━━ Exercise input ━━

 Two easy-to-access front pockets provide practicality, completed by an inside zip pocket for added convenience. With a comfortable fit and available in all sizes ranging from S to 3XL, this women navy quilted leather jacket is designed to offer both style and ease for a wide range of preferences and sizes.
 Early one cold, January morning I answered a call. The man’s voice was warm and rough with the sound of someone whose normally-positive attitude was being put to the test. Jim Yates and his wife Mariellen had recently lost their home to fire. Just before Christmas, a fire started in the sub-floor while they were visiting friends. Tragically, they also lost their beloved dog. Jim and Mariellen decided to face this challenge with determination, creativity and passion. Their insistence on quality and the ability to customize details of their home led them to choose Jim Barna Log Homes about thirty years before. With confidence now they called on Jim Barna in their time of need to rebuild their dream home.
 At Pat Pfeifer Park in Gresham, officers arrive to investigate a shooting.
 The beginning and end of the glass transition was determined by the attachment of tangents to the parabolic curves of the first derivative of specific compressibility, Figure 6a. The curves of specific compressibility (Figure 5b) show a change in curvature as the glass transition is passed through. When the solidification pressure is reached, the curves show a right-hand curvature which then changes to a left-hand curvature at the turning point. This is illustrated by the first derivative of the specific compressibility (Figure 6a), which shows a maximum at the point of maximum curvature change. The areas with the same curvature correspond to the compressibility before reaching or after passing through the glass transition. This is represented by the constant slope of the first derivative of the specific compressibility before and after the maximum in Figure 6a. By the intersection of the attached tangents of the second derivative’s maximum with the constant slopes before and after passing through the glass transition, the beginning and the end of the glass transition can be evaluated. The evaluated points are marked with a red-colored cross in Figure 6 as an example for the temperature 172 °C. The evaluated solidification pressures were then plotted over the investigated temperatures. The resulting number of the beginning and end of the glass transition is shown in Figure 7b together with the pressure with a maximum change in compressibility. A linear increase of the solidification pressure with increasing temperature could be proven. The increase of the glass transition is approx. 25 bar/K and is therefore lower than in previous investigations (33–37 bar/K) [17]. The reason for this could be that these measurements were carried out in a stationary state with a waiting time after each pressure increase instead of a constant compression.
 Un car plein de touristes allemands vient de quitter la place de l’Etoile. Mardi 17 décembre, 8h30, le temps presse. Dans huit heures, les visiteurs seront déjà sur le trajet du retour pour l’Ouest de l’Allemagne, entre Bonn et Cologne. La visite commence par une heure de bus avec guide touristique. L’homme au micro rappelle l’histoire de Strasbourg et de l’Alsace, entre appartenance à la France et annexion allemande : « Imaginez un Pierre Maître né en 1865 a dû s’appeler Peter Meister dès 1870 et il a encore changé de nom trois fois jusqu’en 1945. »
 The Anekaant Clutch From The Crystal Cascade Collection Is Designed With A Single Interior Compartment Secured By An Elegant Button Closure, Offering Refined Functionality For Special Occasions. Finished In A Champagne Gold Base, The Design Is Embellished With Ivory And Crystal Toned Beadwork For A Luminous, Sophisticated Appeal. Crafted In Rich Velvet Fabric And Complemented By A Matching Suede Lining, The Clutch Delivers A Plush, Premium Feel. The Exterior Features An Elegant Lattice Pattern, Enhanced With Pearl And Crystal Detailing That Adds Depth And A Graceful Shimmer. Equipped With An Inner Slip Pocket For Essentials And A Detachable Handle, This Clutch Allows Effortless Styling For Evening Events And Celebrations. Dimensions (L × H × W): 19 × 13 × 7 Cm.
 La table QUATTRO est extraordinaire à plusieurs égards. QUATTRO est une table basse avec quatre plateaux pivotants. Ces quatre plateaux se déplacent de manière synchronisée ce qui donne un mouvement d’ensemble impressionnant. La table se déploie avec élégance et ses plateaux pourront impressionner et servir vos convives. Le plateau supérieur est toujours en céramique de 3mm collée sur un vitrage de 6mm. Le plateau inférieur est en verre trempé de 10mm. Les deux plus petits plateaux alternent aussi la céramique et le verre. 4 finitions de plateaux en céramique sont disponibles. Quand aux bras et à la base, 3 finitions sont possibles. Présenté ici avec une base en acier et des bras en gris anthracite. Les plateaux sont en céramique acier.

━━━

Return each entry above exactly, leaving none out.

→ Exercise result:
 Two easy-to-access front pockets provide practicality, completed by an inside zip pocket for added convenience. With a comfortable fit and available in all sizes ranging from S to 3XL, this women navy quilted leather jacket is designed to offer both style and ease for a wide range of preferences and sizes.
 Early one cold, January morning I answered a call. The man’s voice was warm and rough with the sound of someone whose normally-positive attitude was being put to the test. Jim Yates and his wife Mariellen had recently lost their home to fire. Just before Christmas, a fire started in the sub-floor while they were visiting friends. Tragically, they also lost their beloved dog. Jim and Mariellen decided to face this challenge with determination, creativity and passion. Their insistence on quality and the ability to customize details of their home led them to choose Jim Barna Log Homes about thirty years before. With confidence now they called on Jim Barna in their time of need to rebuild their dream home.
 At Pat Pfeifer Park in Gresham, officers arrive to investigate a shooting.
 The beginning and end of the glass transition was determined by the attachment of tangents to the parabolic curves of the first derivative of specific compressibility, Figure 6a. The curves of specific compressibility (Figure 5b) show a change in curvature as the glass transition is passed through. When the solidification pressure is reached, the curves show a right-hand curvature which then changes to a left-hand curvature at the turning point. This is illustrated by the first derivative of the specific compressibility (Figure 6a), which shows a maximum at the point of maximum curvature change. The areas with the same curvature correspond to the compressibility before reaching or after passing through the glass transition. This is represented by the constant slope of the first derivative of the specific compressibility before and after the maximum in Figure 6a. By the intersection of the attached tangents of the second derivative’s maximum with the constant slopes before and after passing through the glass transition, the beginning and the end of the glass transition can be evaluated. The evaluated points are marked with a red-colored cross in Figure 6 as an example for the temperature 172 °C. The evaluated solidification pressures were then plotted over the investigated temperatures. The resulting number of the beginning and end of the glass transition is shown in Figure 7b together with the pressure with a maximum change in compressibility. A linear increase of the solidification pressure with increasing temperature could be proven. The increase of the glass transition is approx. 25 bar/K and is therefore lower than in previous investigations (33–37 bar/K) [17]. The reason for this could be that these measurements were carried out in a stationary state with a waiting time after each pressure increase instead of a constant compression.
 Un car plein de touristes allemands vient de quitter la place de l’Etoile. Mardi 17 décembre, 8h30, le temps presse. Dans huit heures, les visiteurs seront déjà sur le trajet du retour pour l’Ouest de l’Allemagne, entre Bonn et Cologne. La visite commence par une heure de bus avec guide touristique. L’homme au micro rappelle l’histoire de Strasbourg et de l’Alsace, entre appartenance à la France et annexion allemande : « Imaginez un Pierre Maître né en 1865 a dû s’appeler Peter Meister dès 1870 et il a encore changé de nom trois fois jusqu’en 1945. »
 The Anekaant Clutch From The Crystal Cascade Collection Is Designed With A Single Interior Compartment Secured By An Elegant Button Closure, Offering Refined Functionality For Special Occasions. Finished In A Champagne Gold Base, The Design Is Embellished With Ivory And Crystal Toned Beadwork For A Luminous, Sophisticated Appeal. Crafted In Rich Velvet Fabric And Complemented By A Matching Suede Lining, The Clutch Delivers A Plush, Premium Feel. The Exterior Features An Elegant Lattice Pattern, Enhanced With Pearl And Crystal Detailing That Adds Depth And A Graceful Shimmer. Equipped With An Inner Slip Pocket For Essentials And A Detachable Handle, This Clutch Allows Effortless Styling For Evening Events And Celebrations. Dimensions (L × H × W): 19 × 13 × 7 Cm.
 La table QUATTRO est extraordinaire à plusieurs égards. QUATTRO est une table basse avec quatre plateaux pivotants. Ces quatre plateaux se déplacent de manière synchronisée ce qui donne un mouvement d’ensemble impressionnant. La table se déploie avec élégance et ses plateaux pourront impressionner et servir vos convives. Le plateau supérieur est toujours en céramique de 3mm collée sur un vitrage de 6mm. Le plateau inférieur est en verre trempé de 10mm. Les deux plus petits plateaux alternent aussi la céramique et le verre. 4 finitions de plateaux en céramique sont disponibles. Quand aux bras et à la base, 3 finitions sont possibles. Présenté ici avec une base en acier et des bras en gris anthracite. Les plateaux sont en céramique acier.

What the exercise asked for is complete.